There is equivocal evidence regarding differences in the clinical course and outcomes of Crohn’s disease (CD) among African Americans compared with Caucasian Americans. We sought to analyze whether African Americans with CD are more likely to be hospitalized for CD-related complications when compared with Caucasian Americans with CD.
We conducted a retrospective cohort study including 909 African Americans and Caucasian Americans with CD who were seen at our tertiary care Inflammatory Bowel Disease (IBD) referral center between 2000 and 2013. We calculated the rate of hospitalization for CD-related complications among African Americans and Caucasian Americans separately. Zero-inflated Poisson regression models with robust variance estimates were used to estimate crude and multivariable adjusted rate ratios (RR) for CD-related hospitalizations. Multivariable adjusted models included adjustment for age, sex, duration of CD, smoking and CD therapy.

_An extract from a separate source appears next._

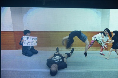 長女の玲ちゃんがその場跳びムーンサルトプレス(左写真)。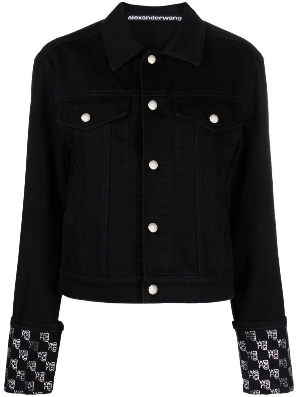 rhinestone-logo denim jacket Highlights - Black - Cotton - Denim - Rhinestone embellishment - Logo-print at the cuffs - Logo patch to the rear - Spread collar - Front button fastening - Long sleeves - Turn-up cuffs - Button-fastening chest pocket - Two side inset pockets - Straight hem Imported Composition Cotton 100% SIZE & FIT Model measurements Height 5 ft 10 in(1.78 m) Bust/Chest 31.49 in(80 cm) Hips 35.03 in(89 cm) Waist 23.62 in(60 cm) Measurement SLEEVE LENGTH 22.83 in(58 cm) LENGTH 20.47 in(52 cm) WAIST 34.64 in(88 cm) BUST 31.49 in(80 cm) FittingInformation Designed for a relaxed fit, this piece allows for comfort and movement when worn The adjustable tabs allow for fitted preferences Sturdy and hard-wearing, this denim piece offers no stretch This piece fits true to size – take your usual size Washing instructions Dry Clean Only

The cumulative rate of CD-related hospital admissions was higher among African American patients compared with Caucasian American patients (395.6/1000 person-years in African Americans vs. 230.4/1000 person-years in Caucasian Americans). Unadjusted and multivariable adjusted rate ratios for CD-related hospitalization comparing African Americans and Caucasian Americans were 1.59 (95% confidence interval [95%CI]: 1.10–2.29; P=0.01) and 1.44 (95%CI: 1.02–2.03; P=0.04), respectively.
African Americans with CD followed at a tertiary IBD-referral center had a higher rate for CD-related hospitalizations compared with Caucasian Americans. Future studies should examine whether socioeconomic status and biologic markers of disease status could explain the higher risk observed among African Americans.